Just out of curiosity, how did you spot to switch the sides of kt and ln|1-P|? After considering the situation presented by the question, it seems we are dealing with an exponential growth problem which would suggest I need to find a formula with a +k value. Typically I would try to get it into the form of +k for growth and -k for decay. I can see now with the final answer that it makes sense, but how would you spot it before getting to the end?

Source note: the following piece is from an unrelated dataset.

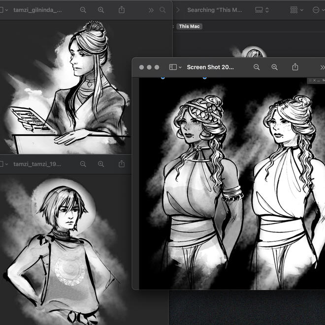 ArtThe first thing Willow did was recruit her best artist pal Morgana Johnson, who had worked with her on previous projects. She then sent Morgana incredibly nonsensical notes on character descriptions, but thankfully she and Morgana are drift compatible and Morgana designed the characters perfectly. They agreed upon an inky art style that resembles tapestries and paintings, and pulled design elements from a variety of ancient styles and mythologies. The goal of the game was to combine mythemes in a way that the game reads "mythological" without being set within a specific pre-existing pantheon.

6. ## Re: Growth/Decay problem

Originally Posted by terrorsquid
Just out of curiosity, how did you spot to switch the sides of kt and ln|1-P|? After considering the situation presented by the question, it seems we are dealing with an exponential growth problem which would suggest I need to find a formula with a +k value. Typically I would try to get it into the form of +k for growth and -k for decay. I can see now with the final answer that it makes sense, but how would you spot it before getting to the end?
$\int \frac{1}{1-P} \, dP = \int k \, dt$

$\int \frac{-1}{1-P} \, dP = \int -k \, dt$

... since the derivative of (1-P) is -1

7. ## Re: Growth/Decay problem

So, whenever I have a problem where the term being multiplied by the constant k in the instantaneous growth/decay rate equation: $\frac{dP}{dt}=k(term)$
is negative, I look to find a P(t) term with a -k exponent and vice-versa, regardless of whether the question is about growth or decay?

Continuing:

(i)

$0.25 = 1-e^{-10k}$

$-0.75 = -e^{-10k}$

$e^{-10k}=0.75$

$-10k = ln(0.75)$

$k = 0.02876820725$

(ii)

$0.75 = 1-e^{-0.02876820725t}$

$t = \frac{ln(0.25)}{-0.0287682072}$

$=48.19~days$

8. ## Re: Growth/Decay problem

you're asking me "do I always?" ... understand that I cannot say yes. each problem is different. I just took advantage of being able to multiply both sides by -1 to make the antiderivative easier to find.